I guess my strategy is to develop as many tools as possible. For clients who do not want to maintain their sites, RW is a great tool with so many Stacks addons, so almost anything can be accomplished. It allows for very quick site production with all the bells and whistles. For clients who want to take over their site, I agree, WordPress is a better solution. Meanwhile, I will keep my Dreamweaver skills alive and well. Dreamweaver, with all its complexity, rarely lets me down and is truly the professional’s website solution.
Hi Juergen,
Three years is a long time in this field. … and back in that time frame, I was warning about the approach Realmac was taking with its theme and plugin environment, and the instabilities that were clearly arising in the product as a result of this unconstrained “ecosystem”. I argued for greater control over the API on Realmac’s part. And as I struggled with trying to understand where RapidWeaver fit into the problem domain, it increasingly became clear that patching in CMS capabilities with tools like WebYep and Pulse was a half-assed way to go about things. (I also think Realmac has gone off in too many directions since then, but that’s a different conversation).

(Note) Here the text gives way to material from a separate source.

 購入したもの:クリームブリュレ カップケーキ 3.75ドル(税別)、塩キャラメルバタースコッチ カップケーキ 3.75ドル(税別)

But in the three years since, a lot has happened in the WordPress camp too … its maturing into a full-blown CMS with version 3.0 (2010), the advent of Pods CMS which provides sophisticated custom content capabilities. And powerful frameworks became possible with the integration of child themes in 3.0, as well. These three things are real game changers, and they make WordPress a worthy opponent in the CMS war.

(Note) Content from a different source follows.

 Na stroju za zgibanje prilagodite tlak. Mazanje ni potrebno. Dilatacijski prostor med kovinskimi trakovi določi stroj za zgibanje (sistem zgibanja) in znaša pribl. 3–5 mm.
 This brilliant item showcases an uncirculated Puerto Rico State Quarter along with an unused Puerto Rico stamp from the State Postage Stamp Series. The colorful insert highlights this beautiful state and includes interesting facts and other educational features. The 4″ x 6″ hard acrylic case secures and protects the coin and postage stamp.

Note the time frame … I don’t recall my ardent defense back then, but RapidWeaver, the web design field, WordPress, and my business have all changed in the past three years. If you want bragging rights … that you were right all along … well, it’s not the same world that it was back then, and given where things were at in 2009, I think my position might have made sense then.
If you’ve got a link to that old thread, though, I’d be curious to read it and see where I was at back then.
Dear Vasily
You can see me here with a grin from ear to ear.
)
)
Three years or so I uttered my critique about RW – while you defended it ardendly.
Reading your article I see shimmering through the lines my “old” arguments.